The new financial aid provisions were among the topics that U.S. Rep. John Dingell, D-Dearborn, discussed in a meeting Wednesday with about a dozen student leaders at the Michigan Union.
“Student debt is a significant problem,” Dingell said, adding that these days “if you want to make a successful living you cannot afford not to go to college.”
Among the changes are:
• Interest rates on need-based, federally subsidized student loans will decrease from 6 percent to 5.6 percent. These rates will continue to drop each year until they reach 3.4 percent in 2011.
• Some students and recent graduates — generally those with high student loan debt or low-paying jobs — may qualify for the new Income-Based Repayment program that will cap monthly payments on federal loans at 15 percent of a student’s discretionary income. After 25 years in the program, a student’s loan would be forgiven.

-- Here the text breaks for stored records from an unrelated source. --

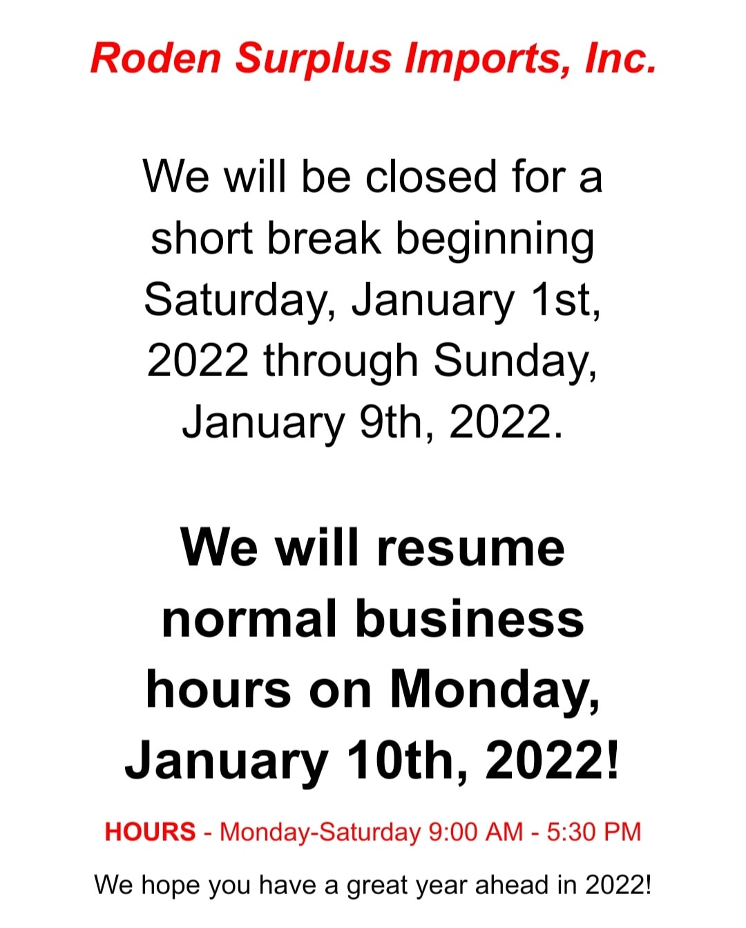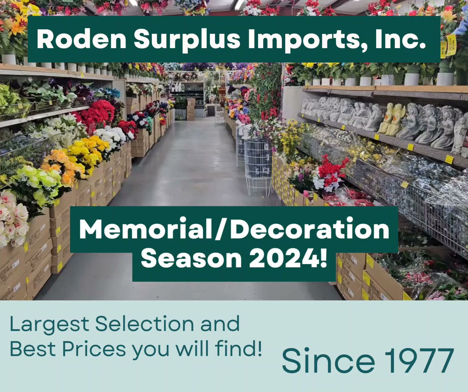 Roden Surplus Imports Inc. is a great affordable place where things ease mind and prices ease wallet. The best customer service ever, they take time to help with a smile. Really good merchandise and great prices, with a variety of items especially the Christmas section. Beautifully flower arrangements and items with amazing grace are in a huge selection. Prices are very fair and cheap, and they won't be disappointed for stopping and shopping around. Allow plenty of time to shop, as it is not a store they can just run in and out real quick.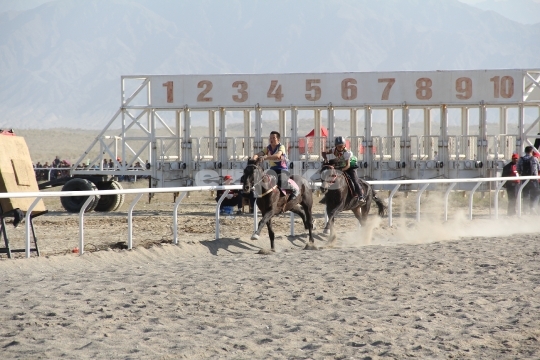 Xinjiang Province, China - 09-20-2011 Horses running in a free race on a sand track in Xinjiang province in northern China; a province that has a long history of horse breeding and horse riding.
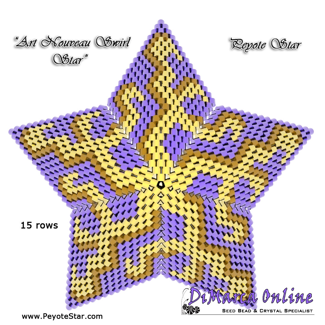 This beading pattern provides a colour diagram and word chart to create the ART NOUVEAU SWIRL 3D Peyote Star.
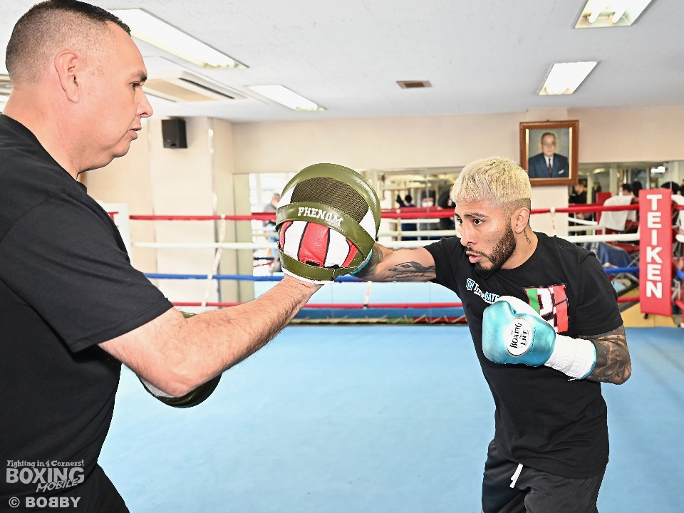 公開練習ではシャドーボクシング、ミット打ち、ダブルのパンチングボールをそれぞれ1ラウンド披露。ミット打ちではテンポよく打ち込み、左フックに威力を感じさせた。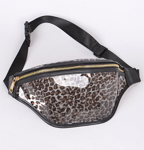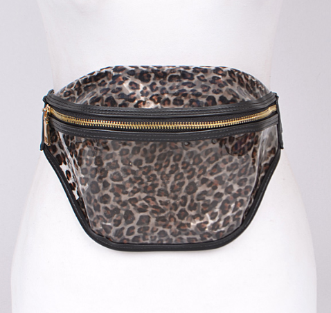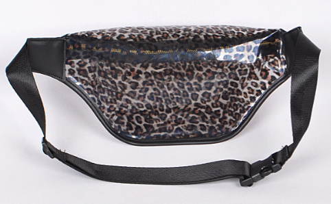 This casual waist bag features a leopard pattern and clear surface to be sure to get you in with all your goodies to the festivals!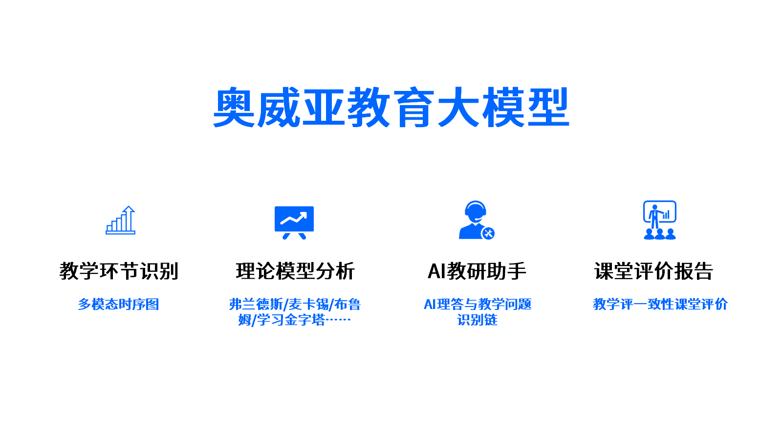 聚焦“數(shù)字化賦能教師發(fā)展成為常態(tài)”的目標(biāo),奧威亞全新推出“教育多模態(tài)分析模型”,通過構(gòu)建線下智慧教學(xué)空間與線上教師發(fā)展智慧平臺,以AI技術(shù)為支撐,以多模態(tài)課堂數(shù)據(jù)為基礎(chǔ),以“AI教研助手”互動應(yīng)用為載體,通過AI循證教研賦能青年教師教學(xué)能力提升,以及AI智能測評賦能教師隊伍專業(yè)發(fā)展,從而推動高素質(zhì)專業(yè)化教師隊伍建設(shè),持續(xù)鞏固“雙減”成果,全面提升課堂教學(xué)水平。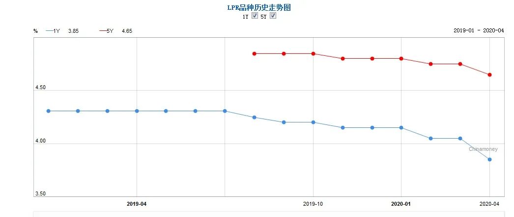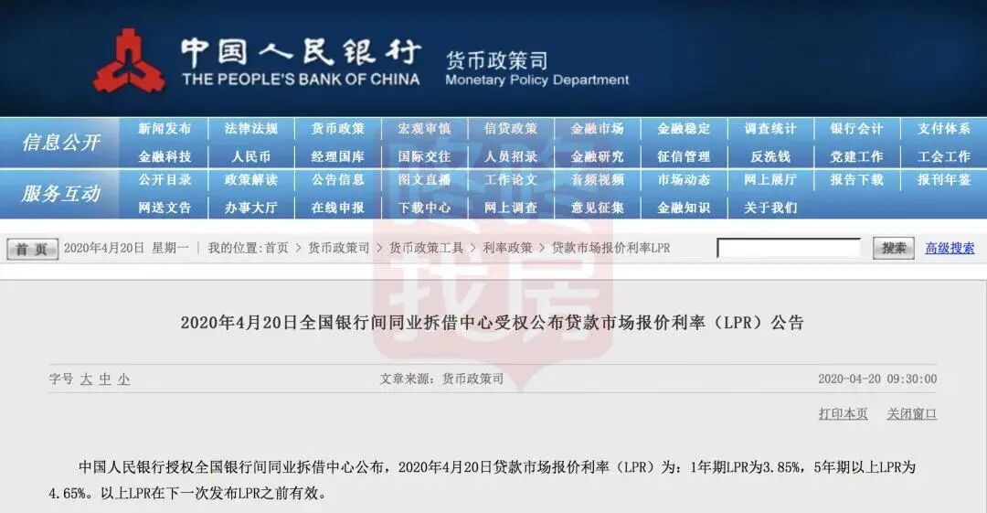 2020年4月20日,LPR第九次报价显示,1年期LPR为3.85%,较上次下调20个基点;5年期以上LPR为4.65%,较上次下调10个基点。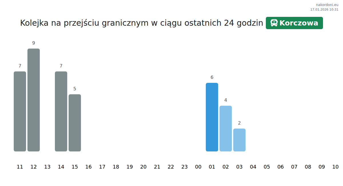 Na przejściu granicznym Korczowa czas oczekiwania dla autobusów wynosi od 15 do 1135 minut. Unikaj godzin szczytu (07:00, 00:00, 02:00) i zaplanuj przejazd na 17:00, 16:00 lub 18:00, aby trafić na najkrótsze kolejki.

• The maximum Pell Grant Scholarship for the 2009-10 school year will increase by $600. The new maximum will be $5,350.
• The American Opportunity Tax Credit allows a $2,500-per-student tax credit in 2009 and 2010 for families with incomes of $80,000, or $160,000 for joint filers.
Approximately 11,000 U-M graduate and undergraduate students borrow money through the subsidized, need-based loans each year, says Pamela Fowler, executive director of the Office of Financial Aid.
The number of students receiving Pell Grants is expected to increase by about 16 percent, as economic problems make more students eligible for the low-income aid. Fowler says she expects that number to climb from about 3,300 to about 3,800.
“For many students, loans are the means of access to a college education. For years we have seen average indebtedness climb with no viable solution for students in lower-paying jobs to repay these loans,” Fowler says. “Now Congress has acknowledged this problem and its long-term affect on the economic health of our country and provided a workable alternative for students.”